_Task requirements_.
Exactly as they stand, repeat the lines from the one containing "- 공지 우측의 아래" through the final line of the listing, both ends included, and nothing else; skip the pictures.

..............................

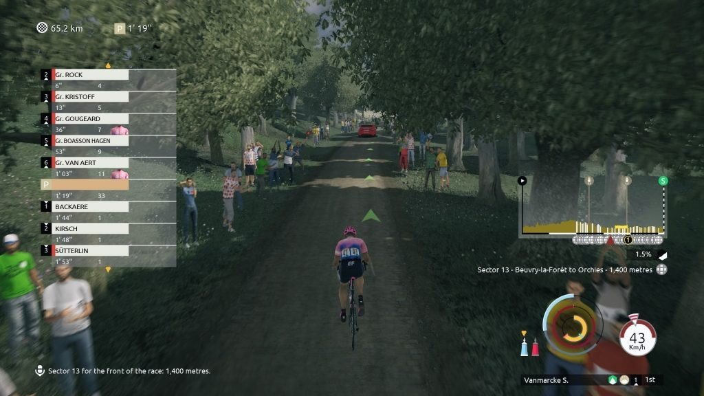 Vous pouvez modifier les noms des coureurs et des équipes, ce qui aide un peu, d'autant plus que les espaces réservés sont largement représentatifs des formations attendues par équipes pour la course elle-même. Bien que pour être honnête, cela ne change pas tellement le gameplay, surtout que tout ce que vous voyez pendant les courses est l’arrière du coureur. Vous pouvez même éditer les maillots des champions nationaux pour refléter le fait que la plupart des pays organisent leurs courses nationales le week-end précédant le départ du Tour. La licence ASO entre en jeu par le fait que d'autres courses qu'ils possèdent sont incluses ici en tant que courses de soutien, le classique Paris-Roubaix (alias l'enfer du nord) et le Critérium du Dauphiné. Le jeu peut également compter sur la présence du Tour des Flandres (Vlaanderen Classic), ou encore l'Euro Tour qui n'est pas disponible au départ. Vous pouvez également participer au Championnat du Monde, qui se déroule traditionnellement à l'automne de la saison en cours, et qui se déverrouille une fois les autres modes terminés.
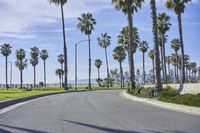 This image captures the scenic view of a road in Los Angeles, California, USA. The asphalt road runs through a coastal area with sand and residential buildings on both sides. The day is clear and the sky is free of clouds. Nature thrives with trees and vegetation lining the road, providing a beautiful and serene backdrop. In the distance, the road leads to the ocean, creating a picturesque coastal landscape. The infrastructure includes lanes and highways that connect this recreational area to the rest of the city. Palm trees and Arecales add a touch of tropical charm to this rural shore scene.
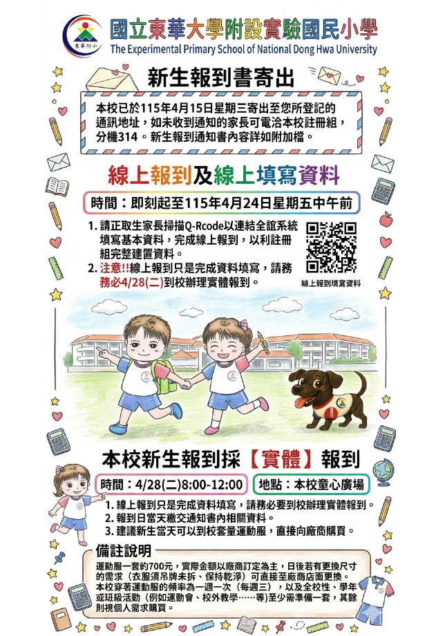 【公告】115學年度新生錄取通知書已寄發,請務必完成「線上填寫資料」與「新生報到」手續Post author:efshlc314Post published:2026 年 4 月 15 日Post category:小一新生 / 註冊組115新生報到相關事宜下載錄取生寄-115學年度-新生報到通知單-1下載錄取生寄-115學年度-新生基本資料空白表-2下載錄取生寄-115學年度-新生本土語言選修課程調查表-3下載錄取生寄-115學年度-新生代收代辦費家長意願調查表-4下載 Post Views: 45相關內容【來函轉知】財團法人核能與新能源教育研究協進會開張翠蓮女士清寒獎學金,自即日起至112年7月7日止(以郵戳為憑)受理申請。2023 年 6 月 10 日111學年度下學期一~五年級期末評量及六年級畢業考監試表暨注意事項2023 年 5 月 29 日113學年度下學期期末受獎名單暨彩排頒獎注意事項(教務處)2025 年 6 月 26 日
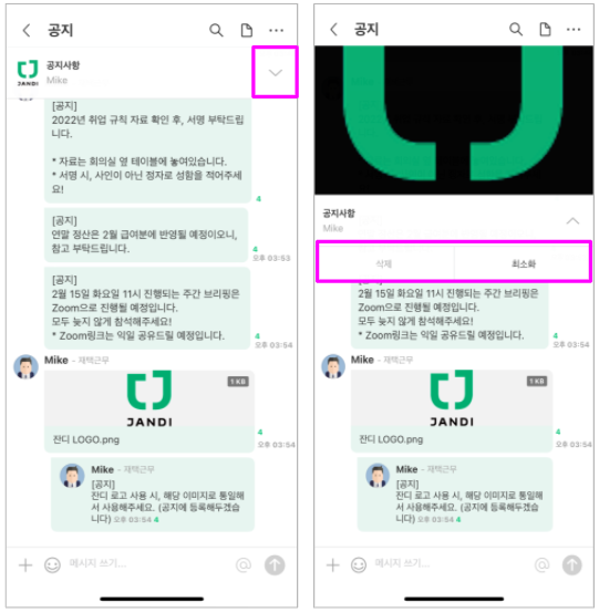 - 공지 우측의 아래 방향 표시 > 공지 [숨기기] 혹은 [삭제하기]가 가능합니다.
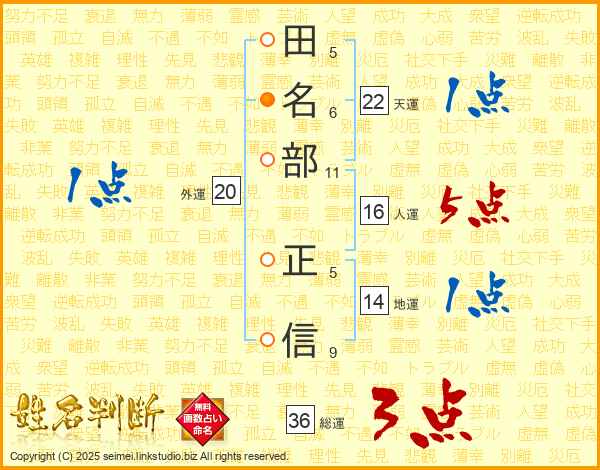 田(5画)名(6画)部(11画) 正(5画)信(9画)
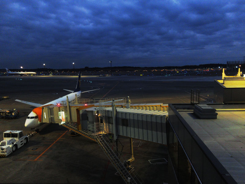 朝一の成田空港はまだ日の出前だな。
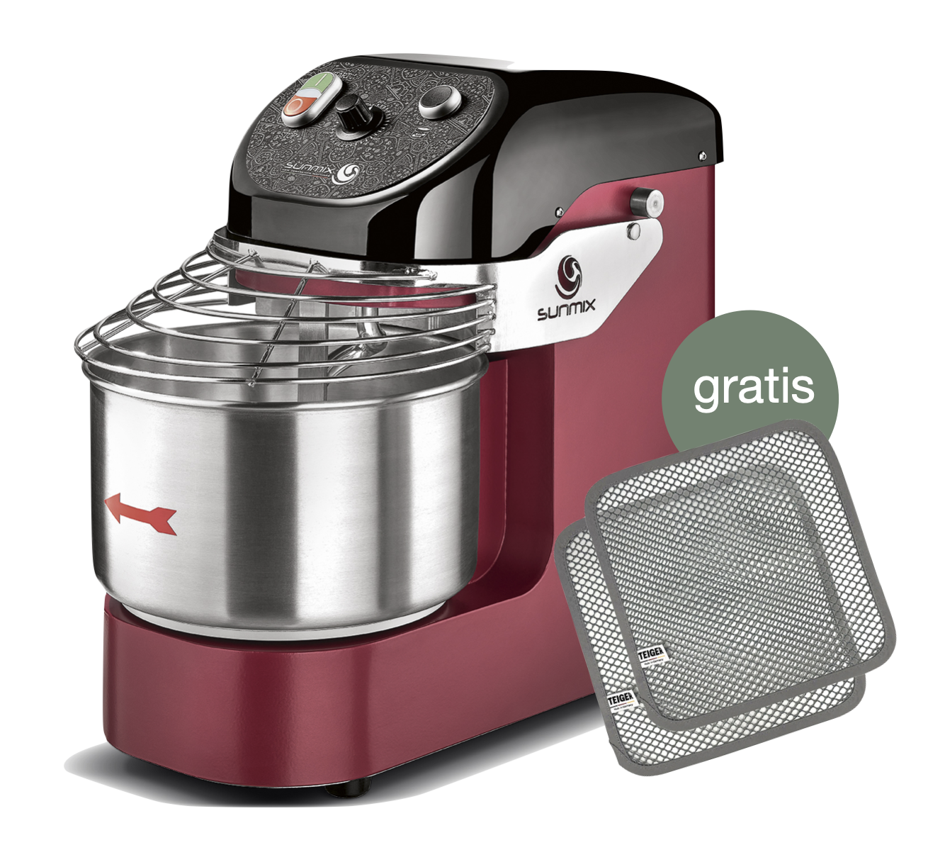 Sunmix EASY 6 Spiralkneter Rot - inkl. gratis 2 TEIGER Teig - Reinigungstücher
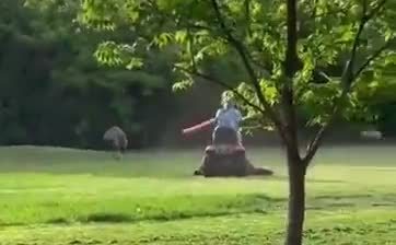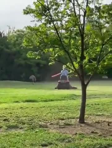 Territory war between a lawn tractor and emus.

..............................

_Answer space_.
 - 공지 우측의 아래 방향 표시 > 공지 [숨기기] 혹은 [삭제하기]가 가능합니다.
 田(5画)名(6画)部(11画) 正(5画)信(9画)
 朝一の成田空港はまだ日の出前だな。
 Sunmix EASY 6 Spiralkneter Rot - inkl. gratis 2 TEIGER Teig - Reinigungstücher
 Territory war between a lawn tractor and emus.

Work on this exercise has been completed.